Japan lässt Leitzins unverändert
Die Bank of Japan (BoJ) ließ den Leitzins – seit März ist dies der Tagesgeldsatz – bei ihrer Sitzung im Juni unverändert in der Spanne von 0,0% bis 0,1%.
Auf Einlagen bei der Zentralbank werden weiterhin 0,1% Zinsen gezahlt.
Außerdem beschloss sie, das Anleihekaufprogramm von März wie geplant bis 28.Juni fortzuführen und danach zu reduzieren, um die langfristigen Zinsen verstärkt durch den Markt bestimmen zu lassen. Einen konkreten Plan für die kommenden ein bis zwei Jahre wird sie aber erst in der Juli-Sitzung vorlegen, wenn auch die neue Projektion veröffentlicht wird.
Die BoJ erklärte, dass die heimische Wirtschaft sich moderat erholt habe. In ihrem jüngsten Ausblick von April geht sie zudem von Inflationsraten nahe dem Zielwert von 2% aus. Dies dürfte als Hinweis verstanden werden, dass sie sich auf dem Weg zu etwas höheren Leitzinsen befindet. Rasche kräftige Zinsanhebungen sind allerdings nicht zu erwarten.
Intervention beim Wechselkurs?
Zuletzt ließ die BoJ noch verlauten, die japanische Geldpolitik sei nicht darauf ausgerichtet, die Devisenkurse direkt zu kontrollieren. Der Wechselkurs des japanischen Yen zum US-Dollar fiel daraufhin auf den tiefsten Stand seit 1990.
Anfang Mai kam es dann innerhalb weniger Tage zu einer Aufwertung um gut 3%. Daten der BoJ zeigen, dass es wohl zu einer Intervention im Umfang von rund 3,66 Billion Yen (23,6 Mrd. USD) kam, um die japanische Währung zu stützen.
Geldpolitische Wende im März
Im März beschloss die BoJ die lange erwartete geldpolitische Wende und beendete die Anfang 2016 begonnene Phase negativer Leitzinsen. Es war zudem die erste Leitzinserhöhung seit 17 Jahren.
Beendet wurde auch die seit Ende 2016 verfolgte „quantitative und qualitative monetäre Lockerung mit Zinskurvensteuerung“ (Quantitative and Qualitative Monetary Easing (QQE) with Yield Curve Control).
Das lange Ende der Kurve, also die langfristigen Zinsen, sollen zunehmend durch den Markt bestimmt werden. Wie stark dies der Fall sein wird, hängt allerdings vom weiteren Anleihekaufprogramm der BoJ ab. Aktuell erwirbt sie noch Staatsanleihen, Geldmarktpapiere und Unternehmensanleihen im monatlichen Umfang von bis zu 6 Bill. Yen.

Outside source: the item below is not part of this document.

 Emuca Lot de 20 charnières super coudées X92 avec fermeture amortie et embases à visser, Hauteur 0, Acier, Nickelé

Inflationsrate auf Zielkurs
Ursächlich für die geldpolitische Wende in Japan war zunehmende Gewissheit der Notenbank, dass sich die Inflationsrate dauerhaft im Bereich des Zielwertes von 2,0% bewegen wird. Die Wechselwirkung zwischen Lohnanhebungen und Inflationsraten wurde stabiler, so dass die Tarifrunde bei Großunternehmen zu Lohnanhebungen von mehr als 5% führte. Dies war der höchste Anstieg seit mehr als 30 Jahren.
Mit der Rückkehr klar positiver Inflationsraten endet die jahrzehntelange Phase der Deflation. Seit Ende der 80er Jahre bewegten sich die Inflationsraten – abgesehen von kurzen Ausreißern nahe der Nulllinie, häufig auch darunter.

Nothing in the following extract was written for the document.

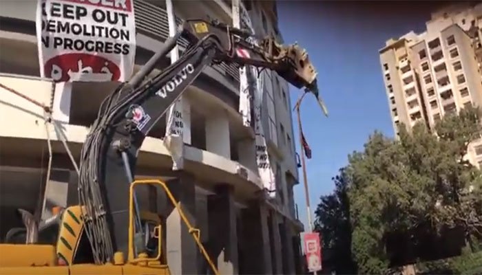 واضح رہے کہ سپریم کورٹ نے نسلہ ٹاور کو گرانے کا حکم دیا تھا، جس کے بعد عدالتی احکامات پرعمل درآمد کرتے ہوئے نسلہ ٹاور کو گرانے کا کام شروع ہوچکا ہے۔ ٹاور کو گرانے کے باعث شارع فیصل سے شاہراہِ قائدین جانے والا راستہ بند کر دیا گیا ہے۔

Die BoJ misst die Preissteigerungen mit der Kern-Inflationsrate „all items less fresh food“, die 2023 auf 3,1% stieg. Im April lag sie bei 2,5% und dürfte auch in den kommenden Monaten den Zielwert von 2,0% leicht übersteigen.
Die Bank of Japan rechnet in ihren Projektionen vom April mit Inflationsraten von 2,8% in 2024 und jeweils 1,9% in 2025 und 2026. Diesen Werten liegt jeweils das Ende März endende Fiskaljahr zugrunde. Die Werte auf Basis des Kalenderjahres dürften ähnlich ausfallen.
BIP 2024: +0,8%
Das japanische Bruttoinlandsprodukt (BIP) wuchs im Kalenderjahr 2023 um 1,9%. In dem im März endenden Kalenderjahr müssten es 1,2% gewesen sein.

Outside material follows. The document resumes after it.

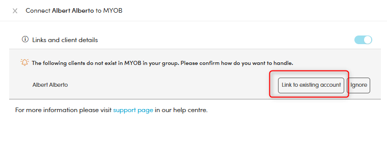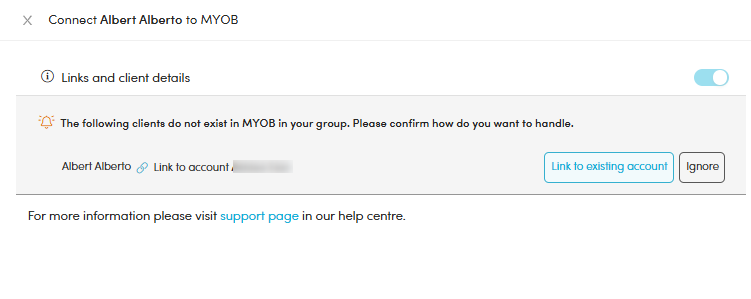 - Once you have selected a Client/entity to link to in MYOB PM, you are taken back to the slide-out window where confirmation of the account you will link to is shown.

Die Bank of Japan rechnet in ihren Projektionen vom April mit BIP-Zuwächsen von 0,8% in 2024 und jeweils 1,0% in 2025 und 2026. Die Werte basieren auf dem Fiskaljahr. Gemessen in Kalenderjahren fallen sie ähnlich aus. Wir halten diese Schätzungen für realistisch.
Yen: Boden erreicht?
Seit Anfang 2021 ist der Yen auf Talfahrt. Gegenüber dem Euro verlor er in dieser Zeit rund ein Drittel, gegenüber dem US-Dollar sogar mehr als die Hälfte. Seit Jahresbeginn 2024 liegt der Yen zum Euro knapp 8% und zum US-Dollar knapp 11% hinten.
Mit der ersten Leitzinsanhebung seit 17 Jahren in Japan wurde die Hoffnung verbunden, dass der Yen seine Talfahrt beendet. Bislang scheint er dafür aber auf die Stützung durch die Zentralbank angewiesen zu sein. Zumindest seit Ende April hält er sich denn auch weitgehend stabil. Zudem stellt der aktuelle Wechselkurs von knapp 170 Yen zu einem Euro auch den historischen Maximalwert von Mitte 2008 und damit eine Haltelinie dar,
Fazit: Die japanische Zentralbank scheint gewillt, den Yen nicht weiter fallen zu lassen. Für Aufwärtsimpulse müsste die Zinswende jedoch entschieden fortgeführt werden, ohne die Konjunktur abzuwürgen.